Nokia's Lumia 820 and 920 smartphones grabbed media and consumer attention, but the company also launched two low-end "Asha" phones. Nokia's Lumia phones target the mid- and high-end markets, but the Asha devices target low-end consumers, a market Nokia is struggling to capture; analysts agree that Nokia needs to focus on this demographic.

"Winning over or keeping a first-time smartphone user in an emerging market offers Nokia a loyal customer for years to come. This is how Nokia dominated the market years ago," Gartner analyst Carolina Milanesi said to Reuters.

Android's wealth of devices allows different demographics to buy into the platform.

"The new Asha devices are essential to defend Nokia from a raft of low-cost Android alternatives. The continued strength of the mobile phone business is testament to Nokia's scale and distribution advantages. Defending that business is critical if Nokia's smartphone business is to weather the storm," analyst Geoff Blaber of CSS Insight added.

Blaber was perhaps referring to Nokia's poor earnings. The company continues to lose money despite its Lumia devices selling four million units. The figures may seem impressive until compared to Apple selling five million iPhone 5s inside a week.
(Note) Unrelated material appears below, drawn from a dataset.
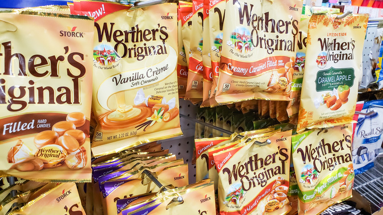 Much like any old-school candy that grandparents seem to love, the story of Werther's Candy begins way back during the early 1900s. As Werther's tells us, confectioner Gustav Nebel created his "butter candy," the basis for what would become the company's famous caramels, in the German town of Werther in 1909. August Storck, the owner of the Werther's brand, later began selling his sweet wares in the United States in 1977, and released the classic Werther's Originals a few years later in the 1980s (via Confectionary News). From there, Werther's has installed itself as a classic and delicious candy in the hearts of many Americans, with 3.74 million Americans enjoying the selection of caramels and chocolates in 2020 alone, according to Statista.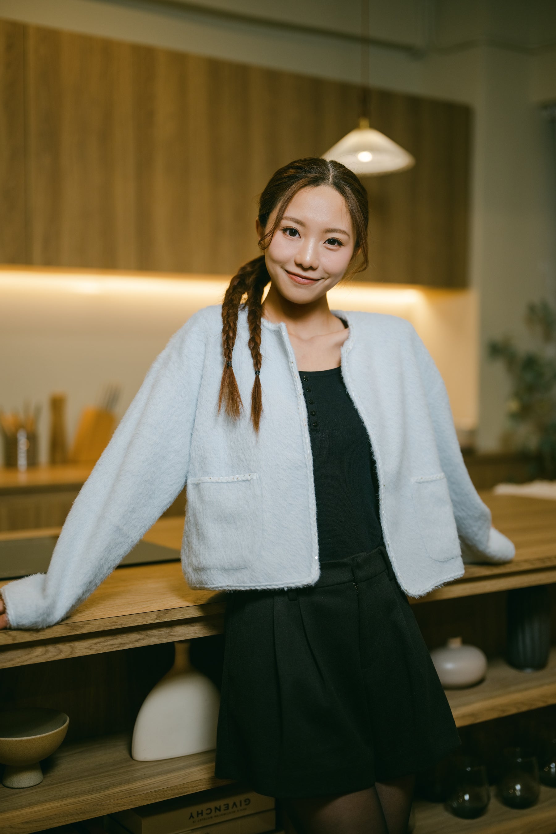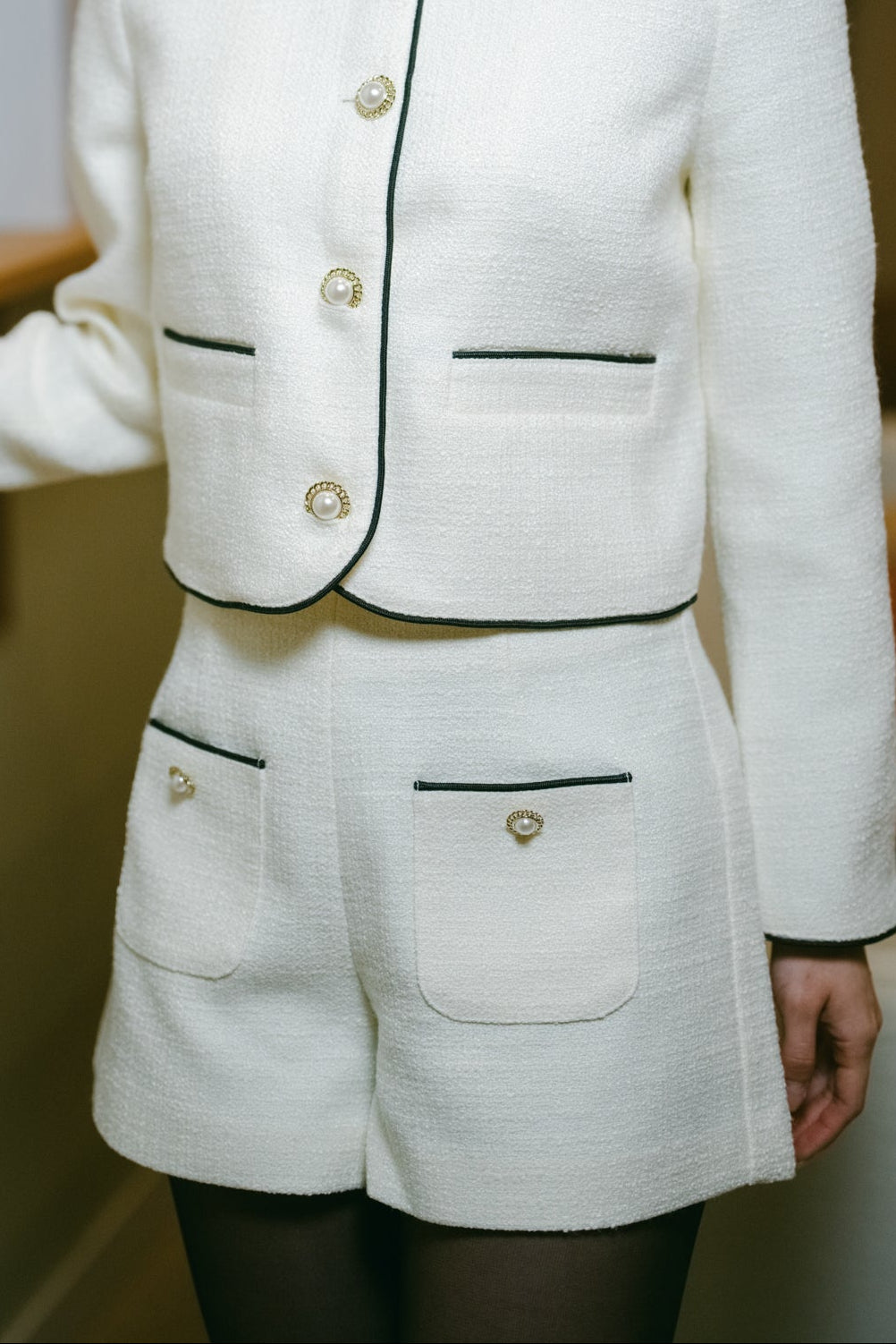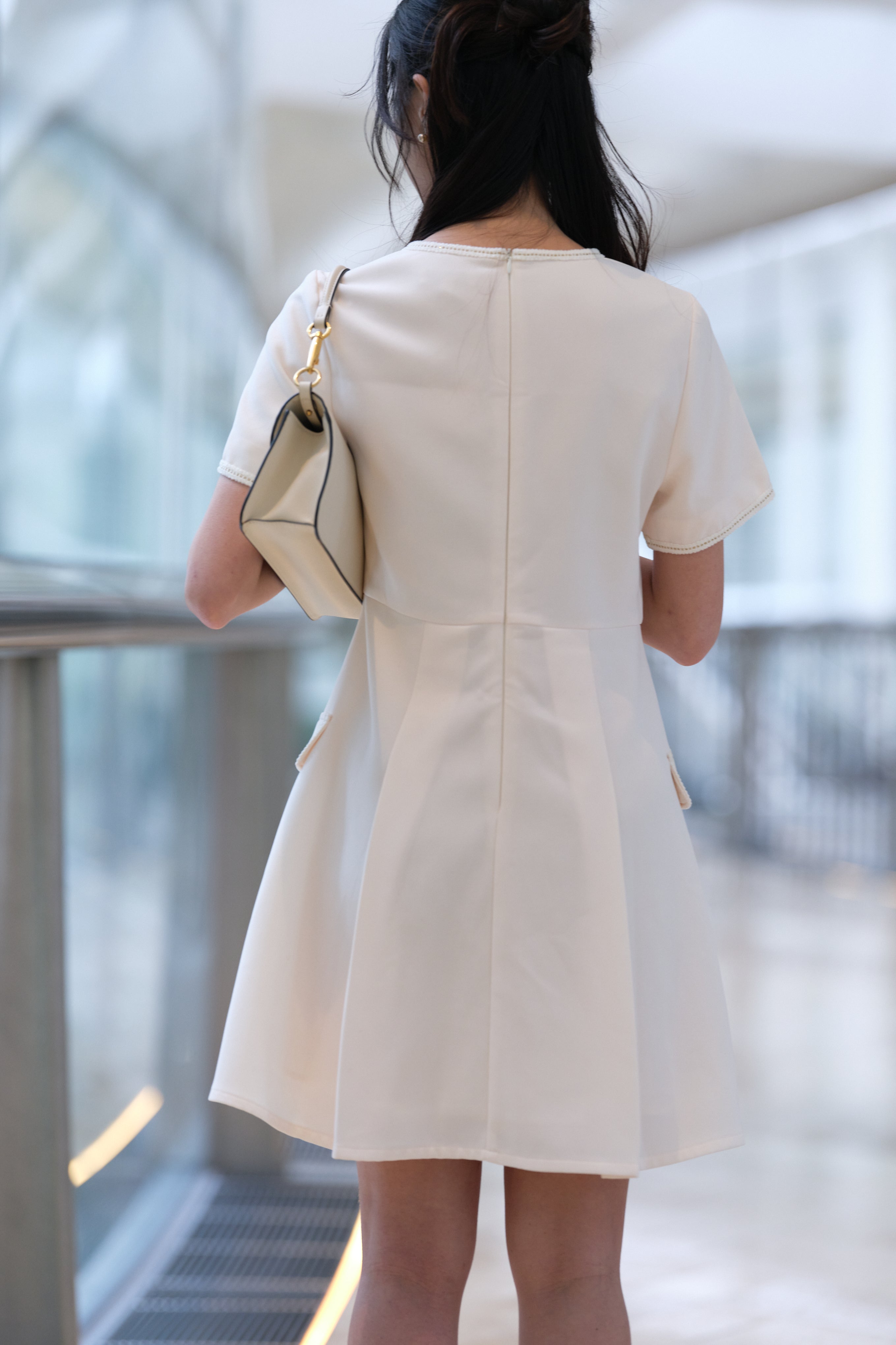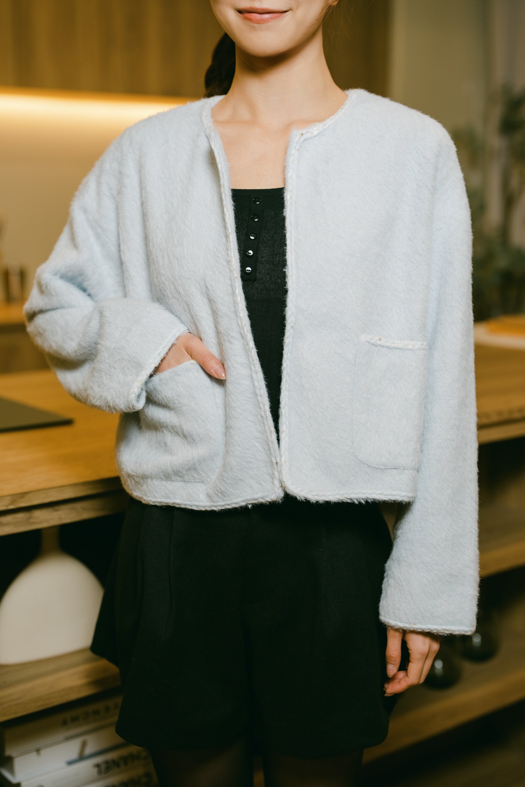 Pockets with stylish detailing, adding functionality.

Samsung's Galaxy S3 sold 20 million units and its Galaxy S3 is approaching 15 million units; Nokia lost its number-one status to Samsung earlier in the year.

The phones will sell for $99, sans taxes, from the fourth quarter of 2012. Nokia is also launching the aforementioned Lumia phones on the same timeframe, though it did not announce specific details during the event.

The Asha devices offer three-inch LCD displays, an 800MHz CPU, a two-megapixel rear camera, an 1100mAh battery, 20MB of internal storage, and a 2GB microSD card expandable to 32GB. EA bundles 40 free games with the phones.